Applications and implications of direct groundwater velocity measurement at the centimetre scale.

Three projects involving point velocity probes (PVPs) illustrate the advantages of direct groundwater velocity measurements. In the first, a glacial till and outwash aquifer was characterized using conventional methods and multilevel PVPs for designing a bioremediation program. The PVPs revealed a highly conductive zone that dominated the transport of injected substances. These findings were later confirmed with a natural gradient tracer test. In the second, PVPs were used to map a groundwater velocity field around a dipole recirculation well. The PVPs showed higher than expected velocities near the well, assuming homogeneity in the aquifer, leading to improved representations of the aquifer heterogeneity in a 3D flow model, and an improved match between the modelled and experimental tracer breakthrough curves. In the third study, PVPs detected subtle changes in aquifer permeability downgradient of a biostimulation experiment. The changes were apparently reversible once the oxygen source was depleted, but in locations where the oxygen source lingered, velocities remained low. PVPs can be a useful addition to the hydrogeologist's toolbox, because they can be constructed inexpensively, they provide data in support of models, and they can provide information on flow in unprecedented detail.

Transient heterogeneity in an aquifer undergoing bioremediation of hydrocarbons.

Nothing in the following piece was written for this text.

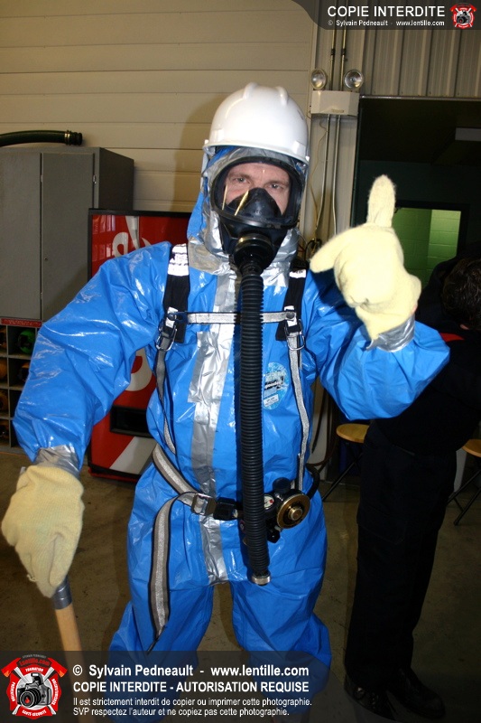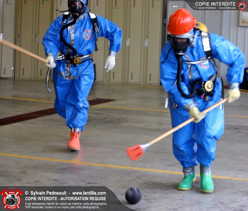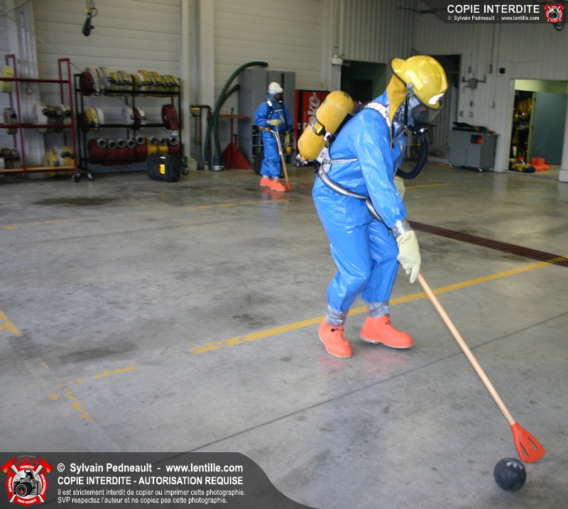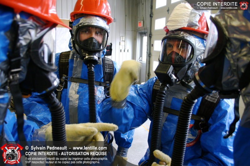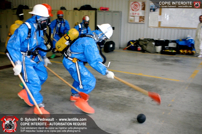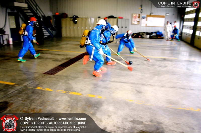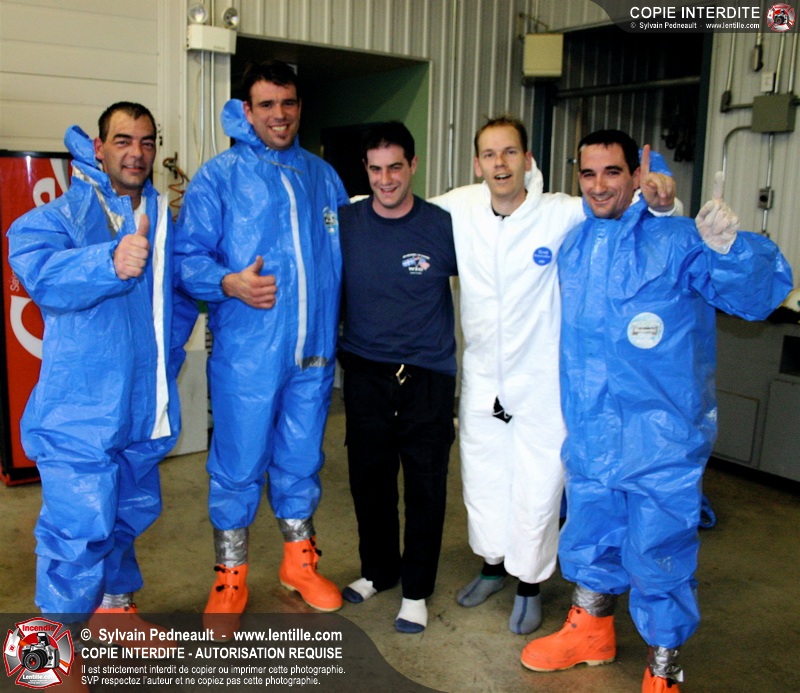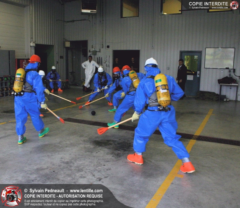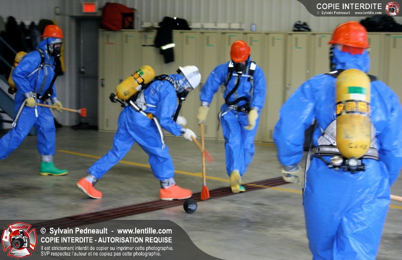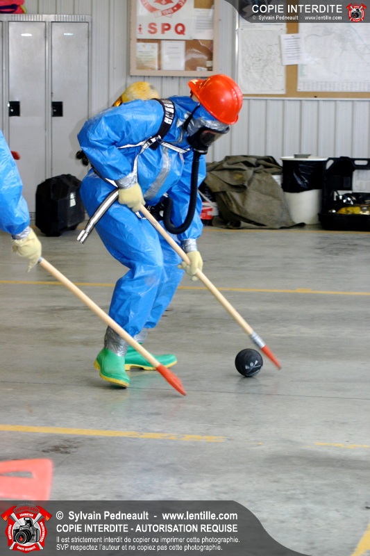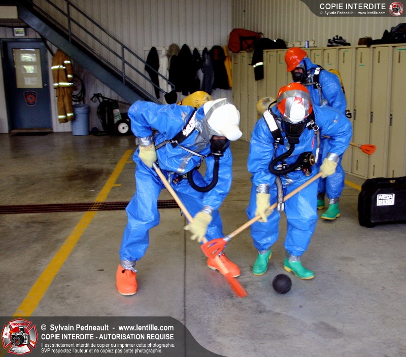 Comment joindre l'utile à l'agréable! Le CFR de Saint-Hyacinthe organisait aujourd'hui un match de hockey bien spécial: nos pompiers s'affrontaient vêtus de l'habit de protection haz-mat code B complet et réglementaire avec ARA.

Localized, transient heterogeneity was studied in a sand aquifer undergoing benzene, toluene, ethylbenzene, and xylene bioremediation using a novel array of multilevel, in situ point velocity probes (PVPs). The experiment was conducted within a sheet-pile alleyway to maintain a constant average flow direction through time. The PVPs measured changes in groundwater velocity direction and magnitude at the centimeter scale, making them ideal to monitor small-scale changes in hydraulic conductivity (K). Velocities were shown to vary nonuniformly by up to a factor of 3 when a source of oxygen was established down-gradient of the petroleum spill. In spite of these local variations, the average groundwater velocity within the 7 m × 20 m sheet-piled test area only varied within ± 25%. The nonuniform nature of the velocity variations across the gate indicated that the changes were not due solely to seasonal hydraulic gradient fluctuations. At the conclusion of the experiment, microbial biomass levels in the aquifer sediments was approximately 1 order of magnitude higher in the oxygen-amended portion of the aquifer than at the edge of the plume or in locations up-gradient of the source. These data suggest that the transient velocities resulted, at least in part, from enhanced biological activity that caused transient heterogeneities in the porous medium.